Бо скрещивает руки на груди и задевает своей рукой мою. От каждой мелочи – легкого прикосновения и закрывшейся двери – меня обдает жаром.
– Ну, не в том смысле, что он был счастлив, нет. Скорее, испытал облегчение. – Бо снова откидывает голову и разглядывает маленькие баскетбольные мячики, подвешенные на цепочках к вентилятору под потолком.
Я задумываюсь о том, как, должно быть, странно жить в этом святилище, посвященном спорту, которым ты больше не можешь заниматься.

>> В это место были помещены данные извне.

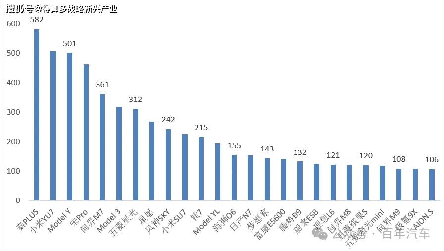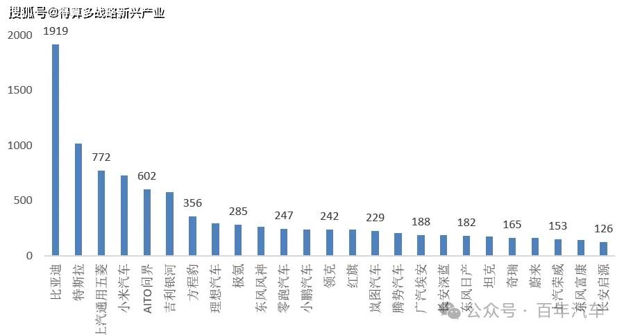 3、12月份新能源汽車銷量——車型結(jié)構(gòu)(排名前20車型)

– Мне кажется, это был мой билет в другую жизнь. Я хорошо играл. Настолько хорошо, что меня замечали тренеры из небольших колледжей, и, наверное, отец тоже это видел. Но никто никогда не хотел, чтобы я покинул Кловер. До того как меня взяли в «Святой Крест», подразумевалось, что здесь я буду жить и работать с отцом до самой смерти.
Каждое его слово отзывается у меня в душе. Его правда – и моя правда. У меня в голове есть такая версия моего будущего, в которой я остаюсь здесь навсегда. Живу с мамой, работающей до своего последнего часа, а потом остаюсь одна в доме со сломанной парадной дверью, забитом реквизитом конкурса красоты и пластинками Долли Партон. Знаю, звучит уныло, но есть нечто успокаивающее в четком понимании того, как сложится твоя жизнь. Неожиданности никогда еще не приносили мне ничего хорошего.

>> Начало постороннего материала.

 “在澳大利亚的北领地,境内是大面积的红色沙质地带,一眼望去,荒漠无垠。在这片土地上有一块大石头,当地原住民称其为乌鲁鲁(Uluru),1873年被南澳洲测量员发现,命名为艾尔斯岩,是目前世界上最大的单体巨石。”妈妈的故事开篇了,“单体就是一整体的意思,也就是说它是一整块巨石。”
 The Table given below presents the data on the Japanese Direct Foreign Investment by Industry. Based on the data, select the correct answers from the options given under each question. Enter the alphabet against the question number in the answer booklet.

– Я не виню его, – продолжает Бо. – Это чувство, когда люди тебя покидают… Оно страшное.
– Ага, я тебя понимаю.
Кажется, мы говорим о разных потерях. Ведь иногда простой билет на самолет может все исправить. А иногда – нет.
В дверь стучат.
– Заходи.
– Привет, сынок. – Отец Бо похож на его уменьшенную версию: крепко сбитый и широкоплечий. Заметив меня, он кивает.
– Пап, это Уиллоудин, – произносит Бо. – Мы вместе учимся. И она тоже работает в «Харпи».
Я встаю.
– Приятно познакомиться, мистер Ларсон.
Он отмахивается.
– Зови меня Билли. – А потом разворачивается к сыну. – Поможешь по-быстренькому поменять шину у фургончика?
– Разумеется. – Бо вскакивает и обещает быстро вернуться.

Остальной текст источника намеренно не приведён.